US-8831760

Content based audio copy detection

PublishedSeptember 9, 2014

Assigneenot available in USPTO data we have

Inventorsnot available in USPTO data we have

Technical Abstract

A method for performing audio copy detection, comprising, providing a query audio data, the query audio data having a succession of frames and also providing a plurality of test audio data units, each test audio data unit including a succession of frames. For each test audio data unit the method generates a test fingerprint set. The generation of the test fingerprint test including computing similarity measurements between at least one frame of the test audio data and a plurality of frames of the query audio data. A test audio data unit is then selected as a match for the query audio data at least in part on the basis of the fingerprint sets.

Patent Claims

19 claims

Legal claims defining the scope of protection, as filed with the USPTO.

1. A method for performing audio copy detection, comprising: a) providing a query audio data unit having a succession of query frames; b) providing a plurality of test audio data units each including a succession of test frames; c) for each test frame, determining one of the query frames as corresponding to said test frame; d) for each of the test audio data units, determining a similarity between the succession of query frames and the query frames corresponding to the succession of test frames of the test audio data unit by (1) aligning the query frames in the succession of query frames with the query frames corresponding to the succession of test frames; (2) comparing aligned pairs of query frames; (3) determining a count of the number of times that an aligned pair of query frames is the same; e) selecting, at least in part on the basis of the similarity for each of the test audio data units, a particular one of the test audio data units as a match for the query audio data unit.

2. The method defined in claim 1 , further comprising repeating steps (1), (2) and (3) for a plurality of different alignments, thereby to obtain a count for each alignment.

3. The method defined in claim 2 , wherein the similarity for the given test audio data unit is proportional to the largest obtained count.

4. The method defined in claim 1 , wherein selecting a particular one of the test audio data units as a match for the query audio data unit comprises selecting as the particular one of the test audio data units the test audio data unit for which the similarity is the highest.
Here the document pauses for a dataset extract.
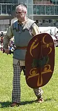 Enfin le bouclier : de forme ovale, d'environ 150 à 160 cm de haut et de 50 à 60 cm de large, il est en bois. Le détail de sa structure sera vu plus bas. Percé en son centre pour y placer la main, un manipule horizontal placé sur le centre de gravité permet une manipulation aisée d'une main de manière défensive comme offensive. Le plateau est renforcé par une spina en bois qui a aussi un rôle de protection de la main. Le tout est fixé et blindé par un umbo en fer et des rivets. (Voir photos)

5. A method for performing audio copy detection, comprising: a) providing a query audio data unit having a succession of query frames; b) providing a plurality of test audio data units each including a succession of test frames; c) for each test frame, determining one of the query frames as corresponding to said test frame; cm d) for each of the test audio data units, determining a similarity between the succession of query frames and the query frames corresponding to the succession of test frames of the test audio data unit by (1) aligning the query frames in the succession of query frames with the query frames corresponding to the succession of test frames; (2) comparing aligned pairs of query frames; (3) determining a count of the number of times that an aligned pair of query frames is the same; (4) where the count is at least as great as two, determining the distance, in terms of the number of frames, that separates the two most distant aligned pairs of query frames that are the same; (5) determining a quotient of the count and the distance; e) selecting, at least in part on the basis of the similarity for each of the test audio data units, a particular one of the test audio data units as a match for the query audio data unit.

6. The method defined in claim 5 , further comprising repeating steps (1), (2), (3), (4) and (5) for a plurality of different alignments, thereby to obtain a quotient for each alignment.
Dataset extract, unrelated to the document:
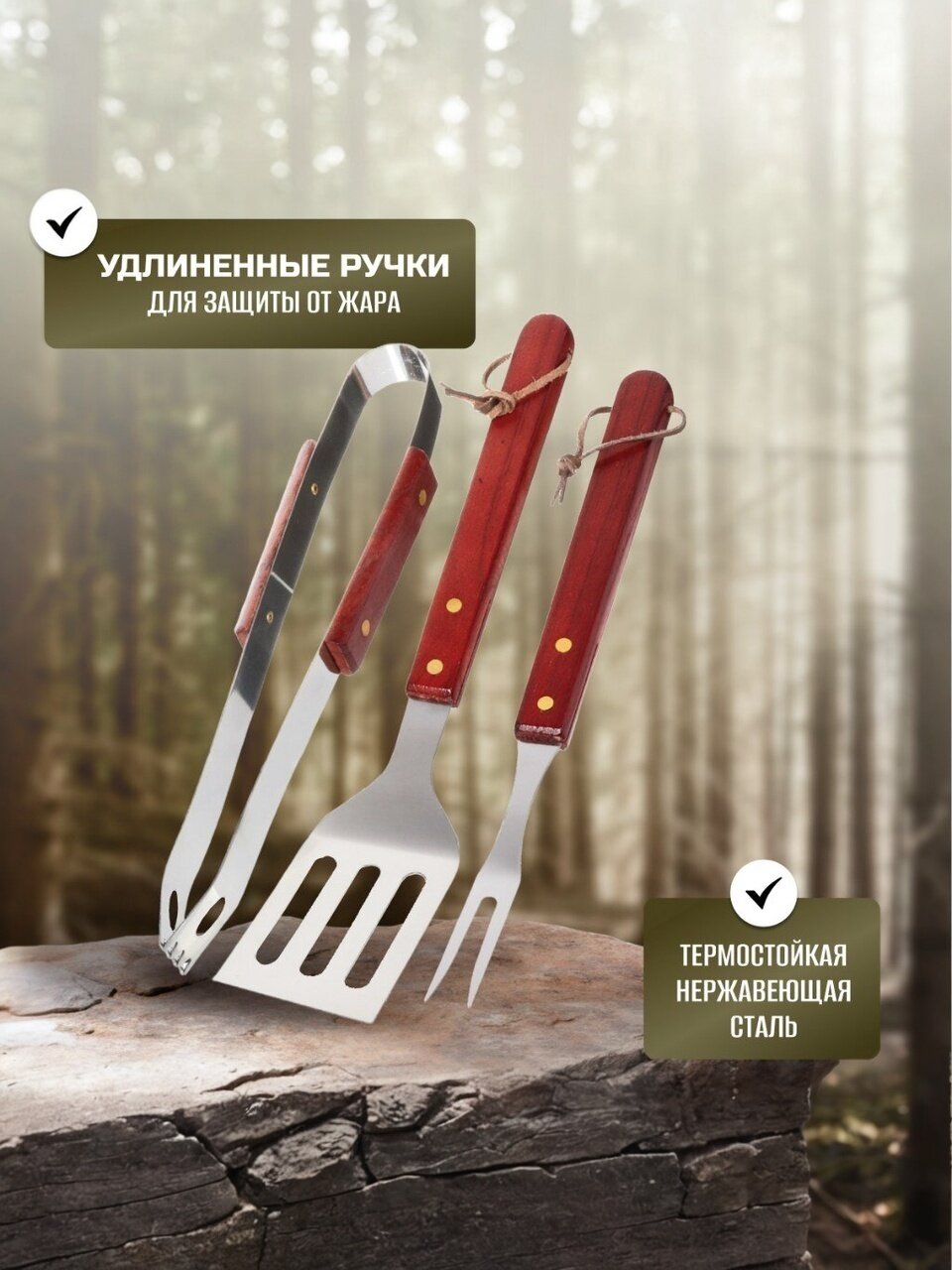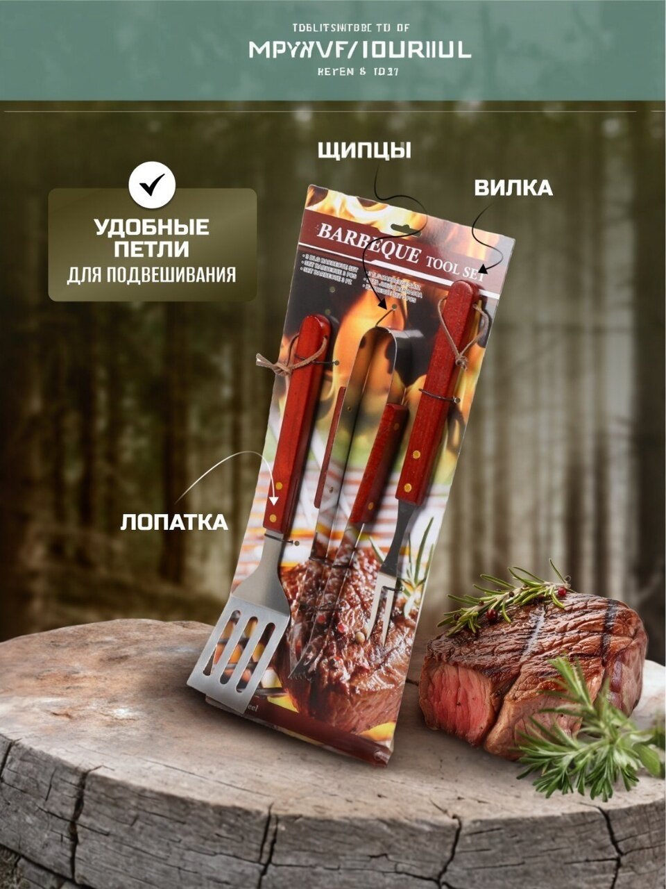 - Состав набора: лопатка, щипцы, вилка для гриля.

7. The method defined in claim 6 , wherein the similarity for the given test audio data unit is proportional to the largest obtained quotient.
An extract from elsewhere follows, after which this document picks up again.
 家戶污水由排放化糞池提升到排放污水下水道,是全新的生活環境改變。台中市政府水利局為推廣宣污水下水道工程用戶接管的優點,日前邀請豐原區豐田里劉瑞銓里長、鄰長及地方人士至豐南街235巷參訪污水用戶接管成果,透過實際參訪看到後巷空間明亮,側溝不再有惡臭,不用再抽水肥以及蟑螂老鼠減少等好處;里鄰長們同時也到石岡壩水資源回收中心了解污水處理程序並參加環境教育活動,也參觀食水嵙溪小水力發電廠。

8. The method defined in claim 1 , wherein, for each test frame, determining one of the query frames as corresponding to said test frame comprises determining the query frame that best matches the test frame.

9. The method defined in claim 8 , wherein the query frame that best matches the test frame is the query frame, among all of the query frames, having the smallest energy difference with respect to the test frame.

10. The method defined in claim 8 , wherein the query frame that best matches the test frame is the query frame, among all of the query frames, that is the nearest neighbor with respect to the test frame.

11. A method for performing audio copy detection, comprising: providing a query audio data unit having a succession of query frames, and providing a set of query fingerprints corresponding to respective ones of the query frames, each query fingerprint characterizing the respective query frame; providing a plurality of test audio data units each including a succession of test frames, and for each test audio data unit, providing a set of test fingerprints corresponding to respective ones of the test frames, each test fingerprint further corresponding to one of the query fingerprints; for each of the test audio data units, determining a similarity between the query fingerprints and the test fingerprints of the test audio data unit, wherein determining a similarity between the query fingerprints and the test fingerprints of the test audio data unit comprises the steps of (1) aligning a particular one of the query fingerprints with a particular one of the test fingerprints; (2) comparing aligned pairs of fingerprints; (3) determining a count of the number of times that an aligned pair of fingerprints has the same value; selecting, at least in part on the basis of the similarity for each of the test audio data units, a particular one of the test audio data units as a match for the query audio data unit.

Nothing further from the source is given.